(THE INPUT)

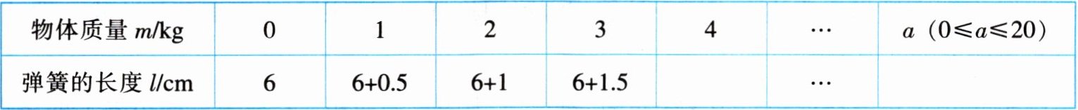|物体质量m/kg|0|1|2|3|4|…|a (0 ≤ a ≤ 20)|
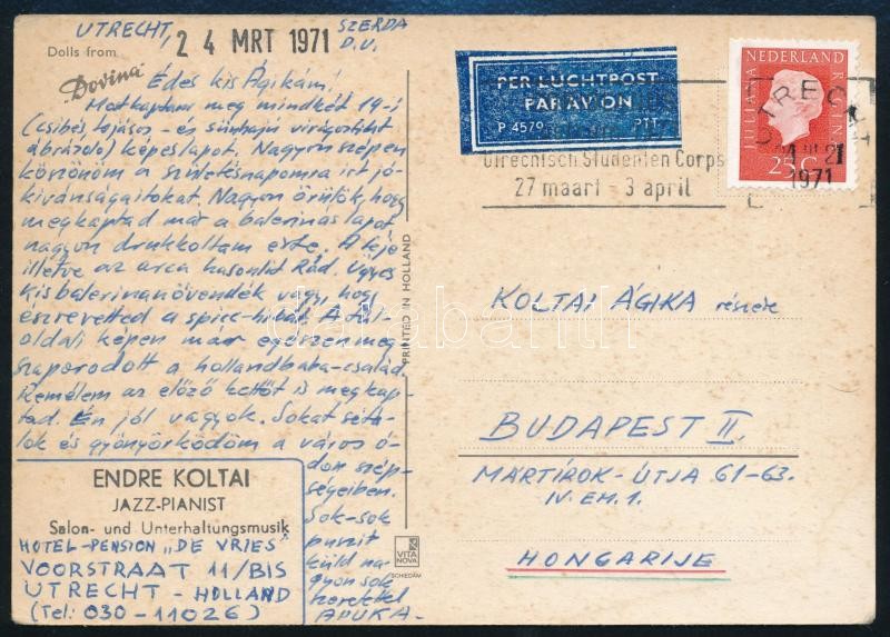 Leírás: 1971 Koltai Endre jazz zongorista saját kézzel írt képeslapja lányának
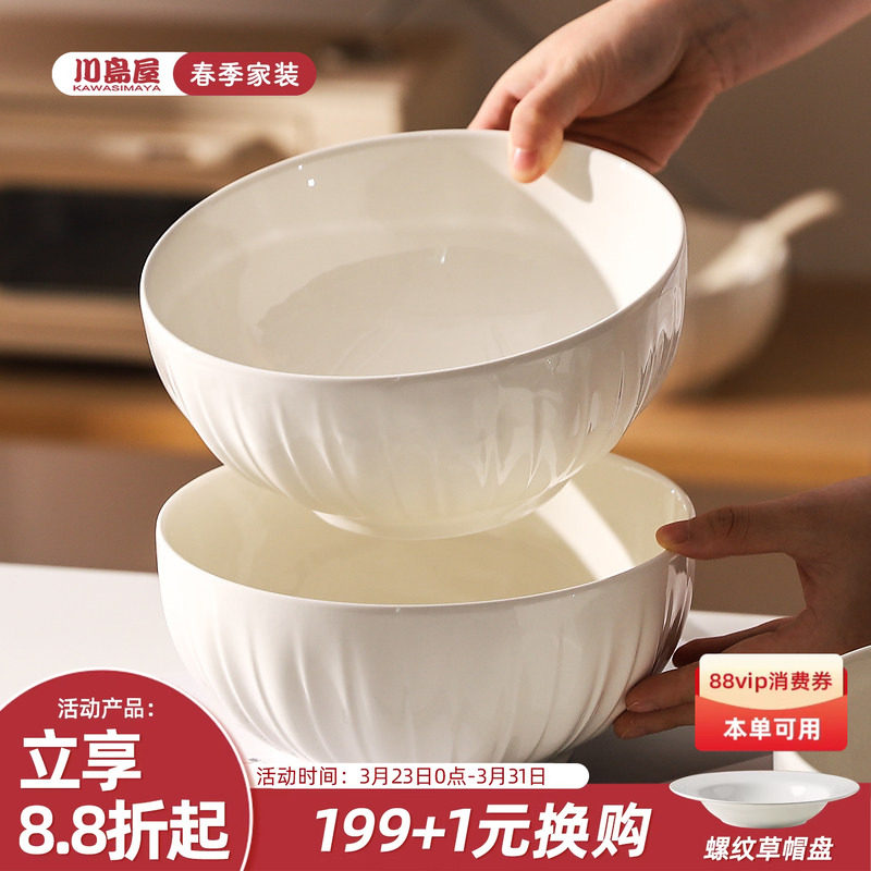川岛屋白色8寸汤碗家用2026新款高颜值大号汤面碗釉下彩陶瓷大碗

(End THE INPUT)
(THE INPUT)

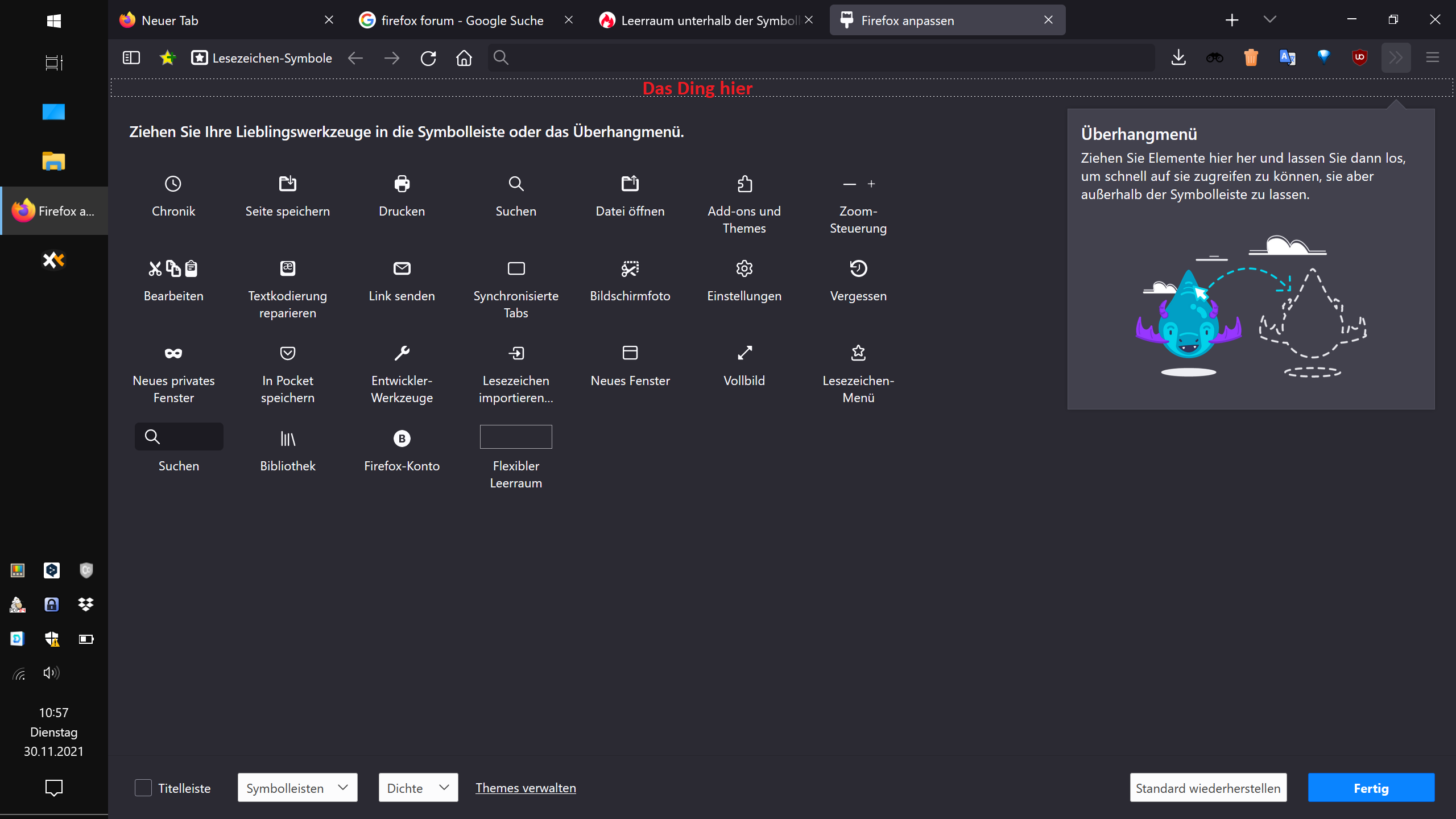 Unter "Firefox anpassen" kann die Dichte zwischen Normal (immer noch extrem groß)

(End THE INPUT)

WHAT NEEDS TO BE DONE :: In the listing above, find the line with "Leírás: 1971 Koltai" and output every line through the one with "川岛屋白色8寸汤碗家用2026新款高颜值大号汤面碗釉下彩陶瓷大碗", exactly, without the pictures.

ANSWER SECTION ::
 Leírás: 1971 Koltai Endre jazz zongorista saját kézzel írt képeslapja lányának
川岛屋白色8寸汤碗家用2026新款高颜值大号汤面碗釉下彩陶瓷大碗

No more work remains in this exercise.